X_parameters (list of str) – List of prod_df column names used in the model
Y_parameter (str) – Optional, name of the y column. Defaults to prod_col_dict[‘powerprod’].
estimators (dict) – Optional, dictionary with key as regressor identifier (str) and value as a dictionary with key “estimator” and value the regressor instance following sklearn’s base model convention: sklearn_docs.
```
estimators = {'OLS': {'estimator': LinearRegression()},
              'RANSAC': {'estimator': RANSACRegressor()}
              }
```
prod_df (DataFrame) – A data frame corresponding to the production data used for model development and evaluation. This data frame needs at least the columns specified in prod_col_dict.
test_split (float) – A value between 0 and 1 indicating the proportion of data used for testing. Only utilized if prod_df is specified. If you want to specify your own test-train splits, pass values to test_df and train_df.
test_df (DataFrame) – A data frame corresponding to the test-split of the production data. Only needed if prod_df and test_split are not specified.
train_df (DataFrame) – A data frame corresponding to the test-split of the production data. Only needed if prod_df and test_split are not specified.
degree (int) – Utilized for ‘polynomial’ and ‘polynomial_log’ kernel_type options, this parameter defines the highest degree utilized in the polynomial kernel.
exclude_params (list) – A list of parameter definitions (defined as lists) to be excluded in the model. For example, if want to exclude a parameter in a 4-covariate model that uses 1 degree on first covariate, 2 degrees on second covariate, and no degrees for 3rd and 4th covariates, you would specify a exclude_params as [ [1,2,0,0] ]. Multiple definitions can be added to list depending on how many terms need to be excluded.

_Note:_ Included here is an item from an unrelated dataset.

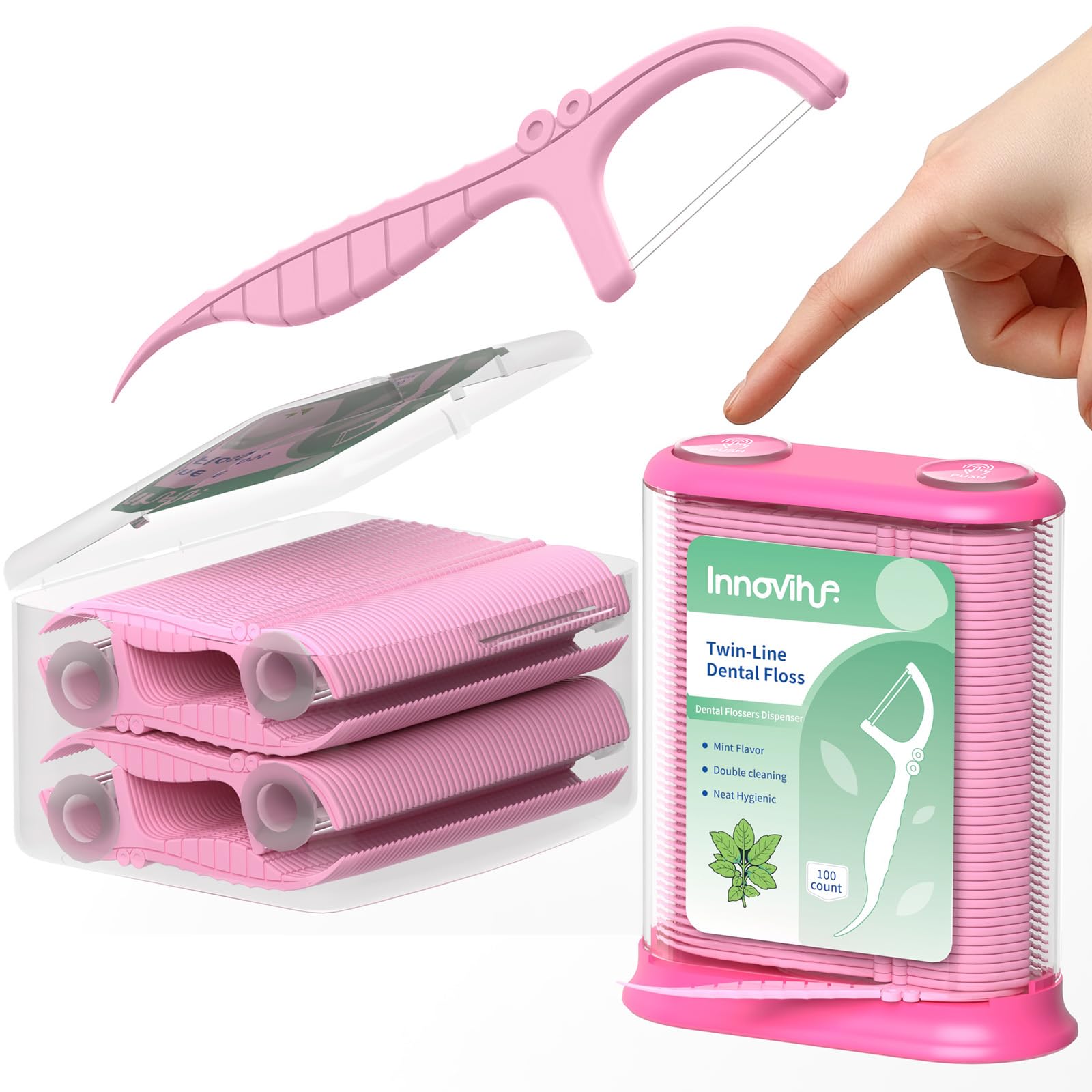 Pink Dental Floss Picks Dispenser, Flossers Large Storage Container, Twin Line Flosser 300 Count, Mint Flavor, Oral Care Picks for Home, School,|Health & Beauty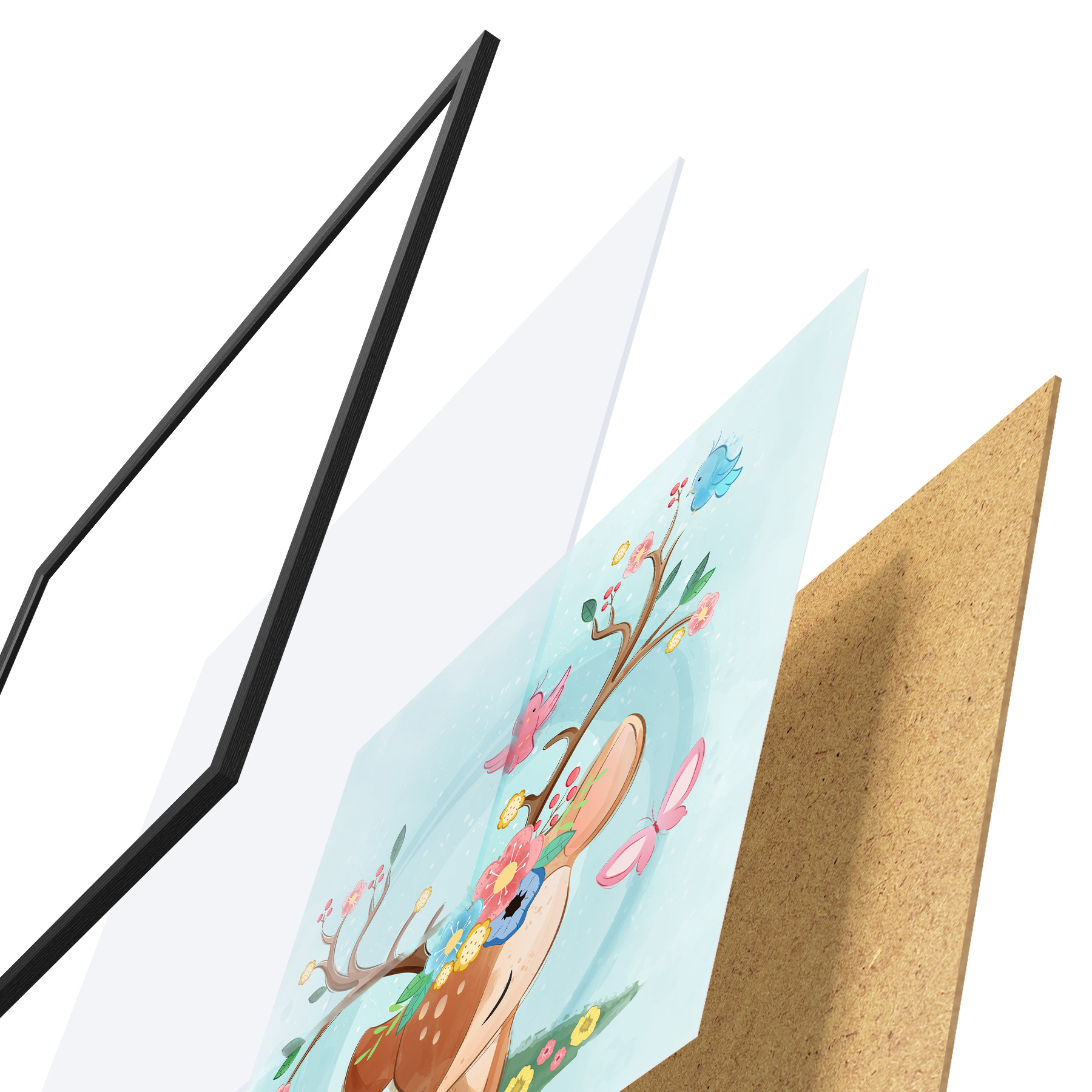 Plakatą sudaro rėmas, pleksiklas, atspausdintas vaizdas ir medžio drožlių plokštės pagrindas. Plakatą galima iš karto pakabinti ant sienos dėl kitoje pusėje esančių laikiklių.

If a time_weighted parameter is selected, a time weighted definition will need to be appended to each exclusion definition. Continuing the example above, if one wants to exclude “hour 0” for the same term, then the exclude_params must be [ [1,2,0,0,0] ], where the last 0 represents the time-weighted partition setting.
verbose (int) – Define the specificity of the print statements during this function’s execution.

Returns:

model – which is a pvops.timeseries.models.linear.Model object, has a useful attribute
estimators – which allows access to model performance and data splitting information.
train_df – which is the training split of prod_df
test_df – which is the testing split of prod_df

pvops.timeseries.models.linear.predicter(model, df, Y_parameter, X_parameters, prod_col_dict, verbose=0)[source]

timeseries.models.AIT module

class pvops.timeseries.models.AIT.AIT[source]

Bases: Processer, Predictor

predict(prod_df, prod_col_dict)[source]

predict_subset(prod_df, scaler, model_terms, prod_col_dict)[source]

pvops.timeseries.models.AIT.AIT_calc(prod_df, prod_col_dict)[source]

Calculates expected energy using measured irradiance based on trained regression model from field data. Plane-of-array irradiance is recommended when using the pre-trained AIT model.

Parameters:

prod_df (DataFrame) – A data frame corresponding to the production data
prod_col_dict (dict of {str : str}) – A dictionary that contains the column names relevant for the production data
- irradiance (string), should be assigned to irradiance column name in prod_df, where data should be in [W/m^2]
- dcsize, (string), should be assigned to preferred column name for site capacity in prod_df
- energyprod, (string), should be assigned to the column name holding the power or energy production. If this is passed, an evaluation will be provided.
- baseline, (string), should be assigned to preferred column name to capture the calculations in prod_df

Example

production_col_dict = {'irradiance': 'irrad_poa_Wm2',
                    'ambient_temperature': 'temp_amb_C',
                    'dcsize': 'capacity_DC_kW',
                    'energyprod': 'energy_generated_kWh',
                    'baseline': 'predicted'
                    }
data = AIT_calc(data, production_col_dict)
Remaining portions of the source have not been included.